PROBLEM DESCRIPTION – Exactly as they appear, please output the lines from the one with "- Sobre superficies" through the end of the material, without pictures.

----------

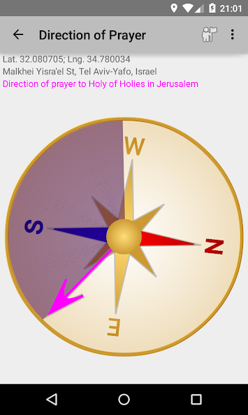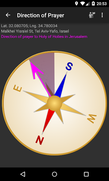 Compass that indicates the direction for your prayers to the Holy of Holies in Jerusalem, Israel.
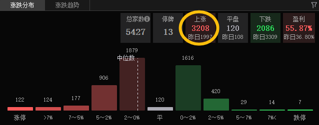 红盘个股3200+,涨停122只,跌停7只,虽然个股中位数不高,但是今天涨停板数量却是自8月18日以来最多的。整体的赚钱效应较好,几乎没有什么亏钱效应。
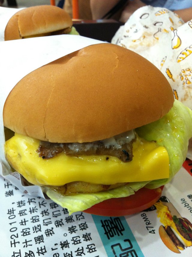 个头不算特别大啦。里面有新鲜烤制出来的鸡扒,蘑菇,番茄,生菜,洋葱,还有芝士。用料挺丰富。味道挺好的。里面很juicy的感觉。。就是吃一个有点唔够喉啊。哈哈。
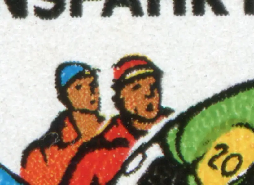 Plattenfehler auf dem 10-Pfennig-Wert: rote Mütze des rechten Mannes links defekt
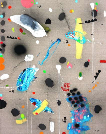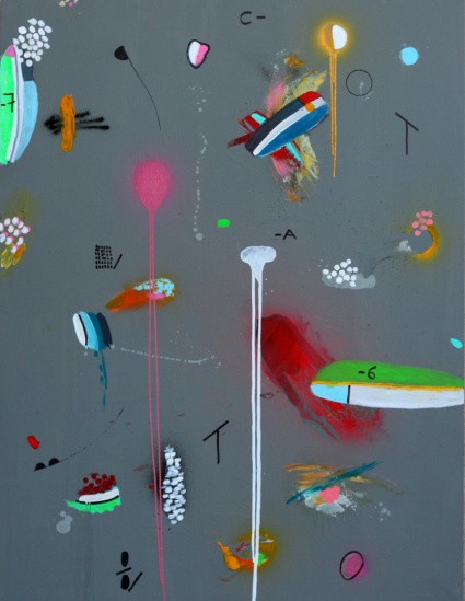- Sobre superficies planas se despliegan una variedad de motivos, signos, trazos, chorros, puntos, células, letras, números, etc., un compendio en que el artista desgrana su rosario de preguntas y escenarios plásticos.
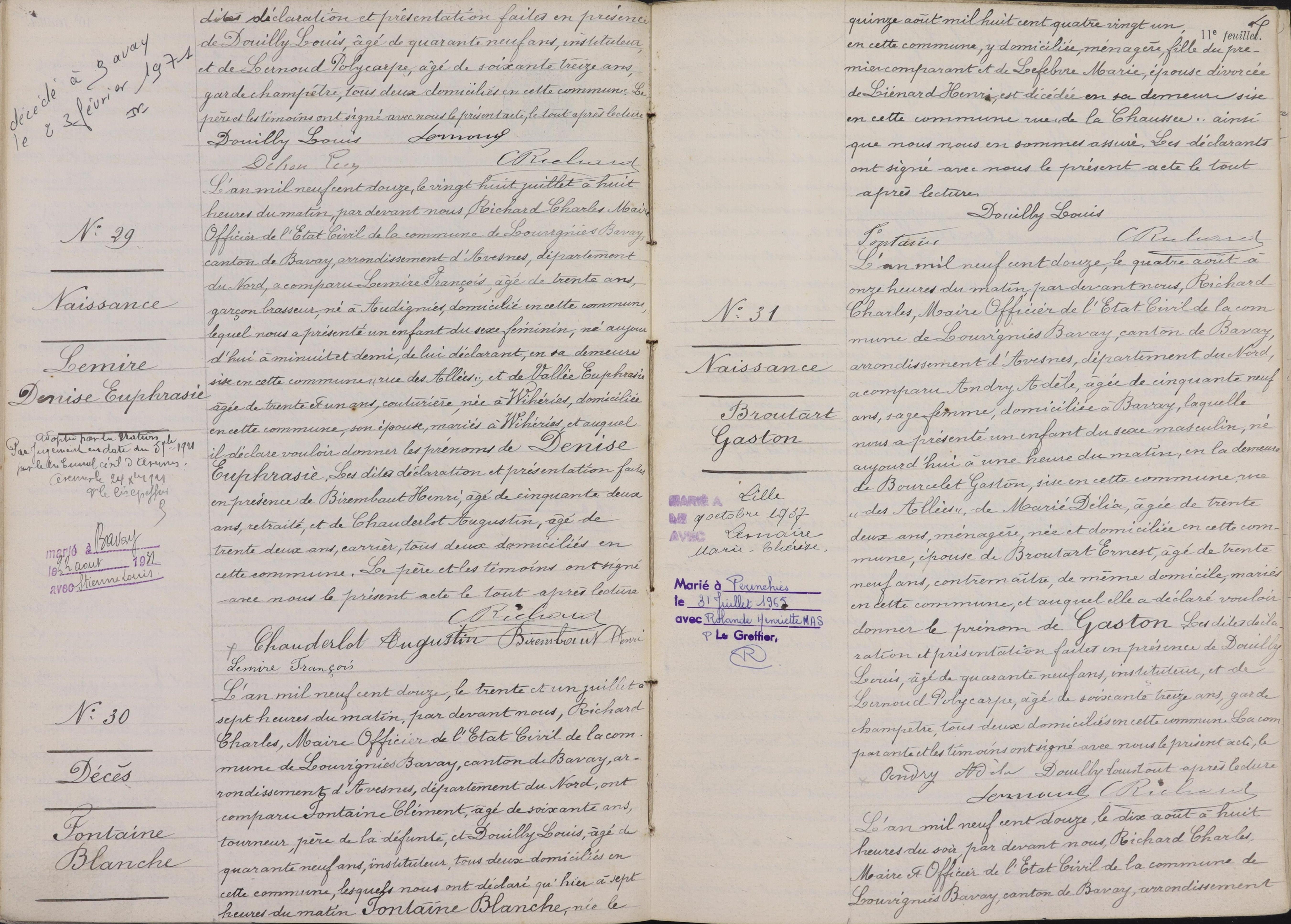 J'ai pu constater que, dans les actes d'état civil 1911-1921, les actes 29 à 31 de l'année 1912 sont absents.
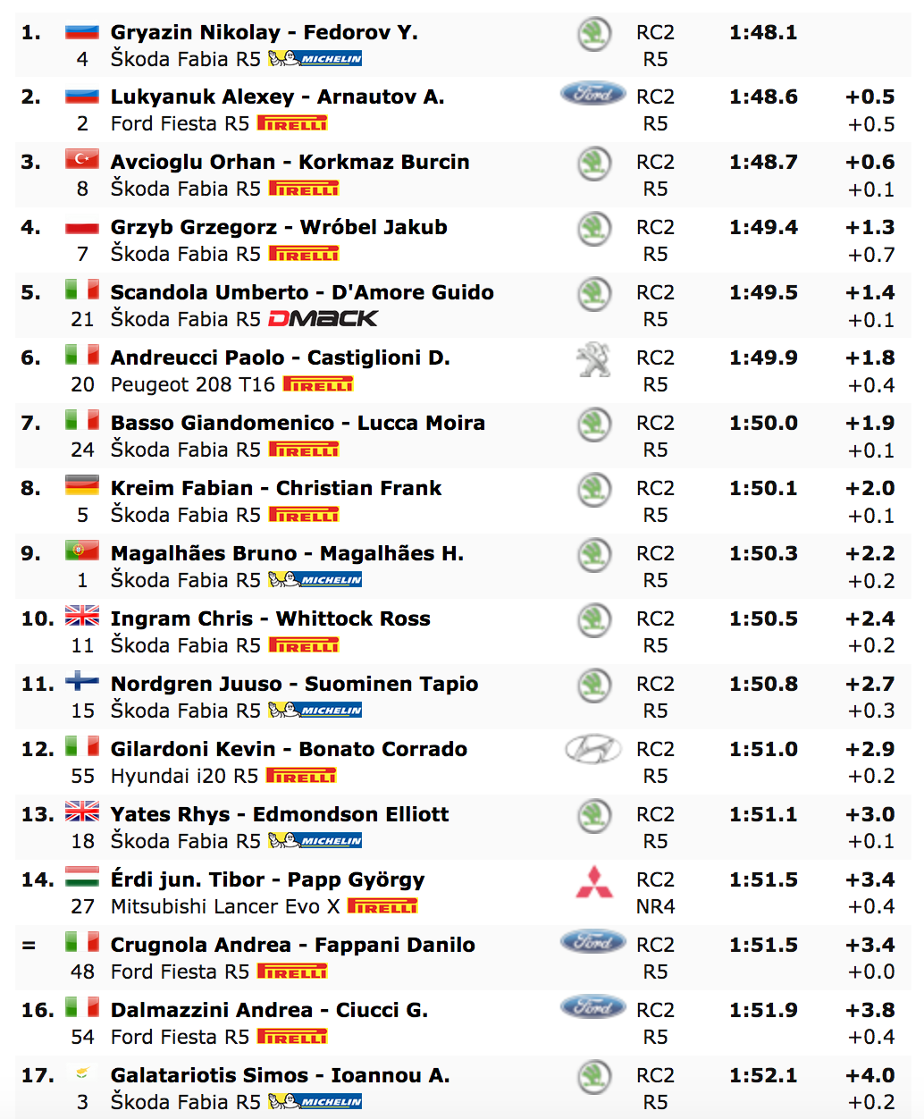 Nikolay Gryazin continuó con su buen estado tras ganar primero la etapa de clasificación del Rally di Roma Capitale el pasado jueves, venciendo al favorito del Campeonato de Europa de Rallyes de la FIA, Alexey Lukyanuk, en la prueba de apertura del rallye este viernes.
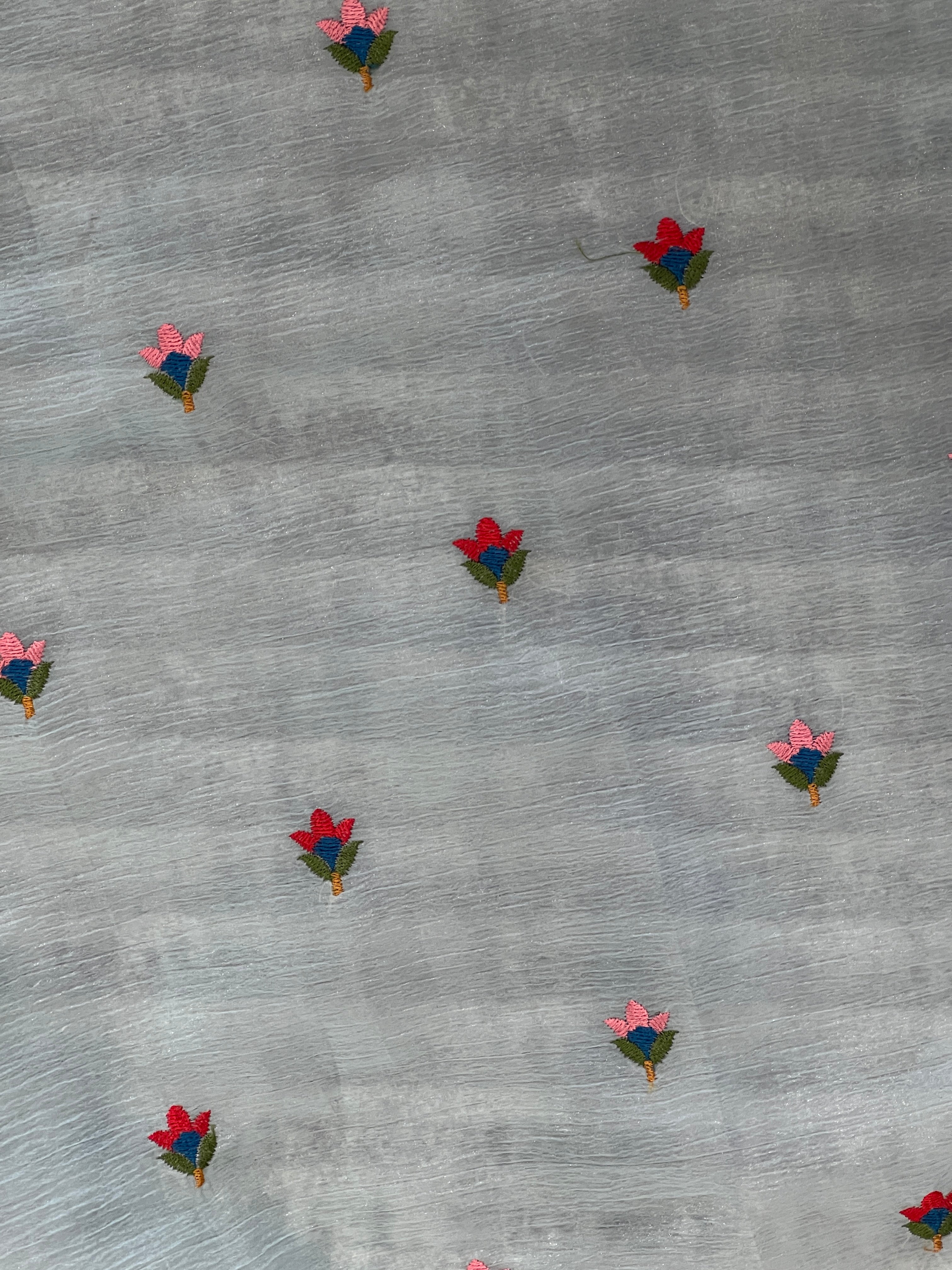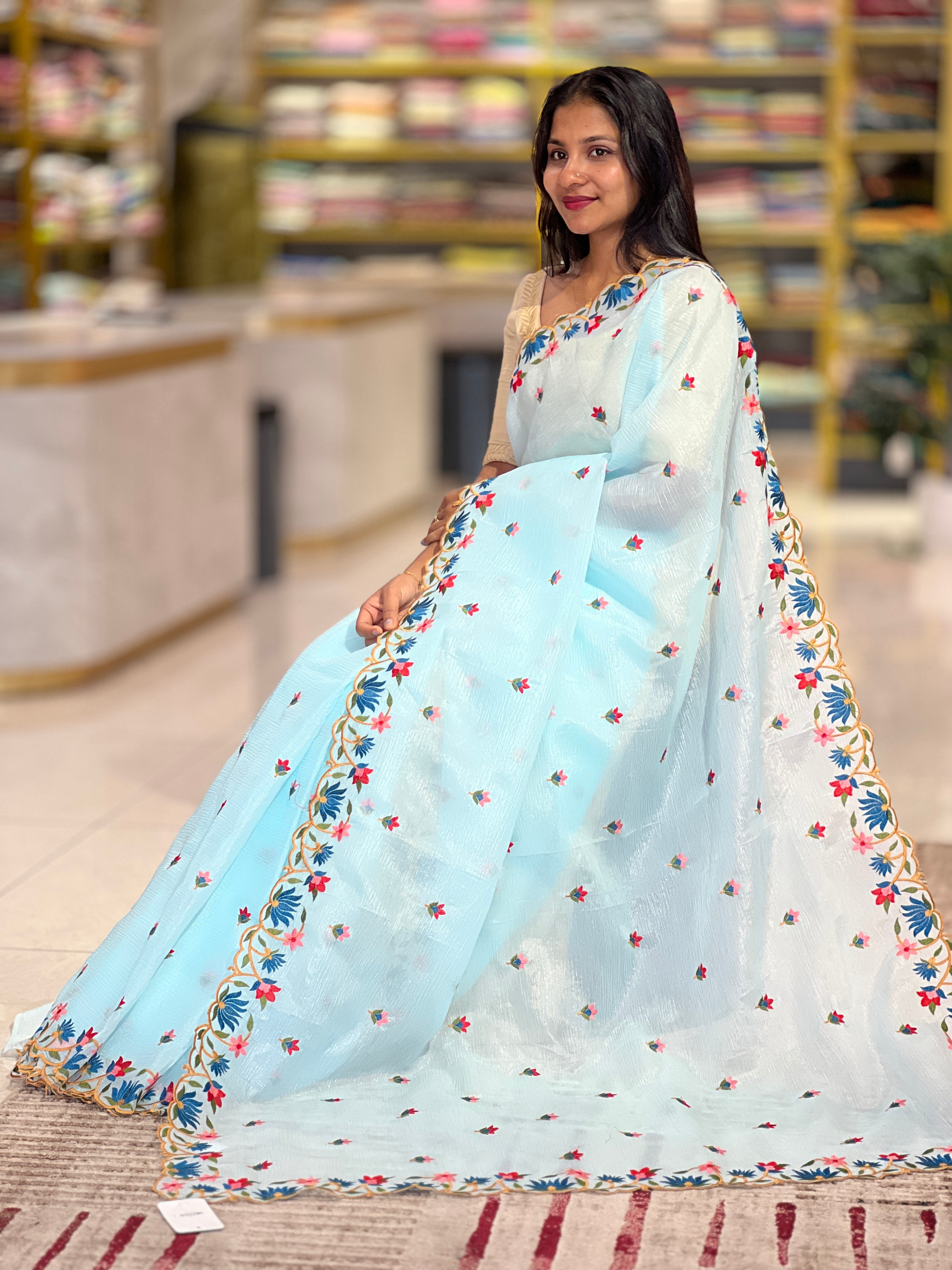 • Floral Embroidered Crushed Tissue Organza Saree | RP611

----------

REPLY TO THE EXERCISE –
- Sobre superficies planas se despliegan una variedad de motivos, signos, trazos, chorros, puntos, células, letras, números, etc., un compendio en que el artista desgrana su rosario de preguntas y escenarios plásticos.
 J'ai pu constater que, dans les actes d'état civil 1911-1921, les actes 29 à 31 de l'année 1912 sont absents.
 Nikolay Gryazin continuó con su buen estado tras ganar primero la etapa de clasificación del Rally di Roma Capitale el pasado jueves, venciendo al favorito del Campeonato de Europa de Rallyes de la FIA, Alexey Lukyanuk, en la prueba de apertura del rallye este viernes.
 • Floral Embroidered Crushed Tissue Organza Saree | RP611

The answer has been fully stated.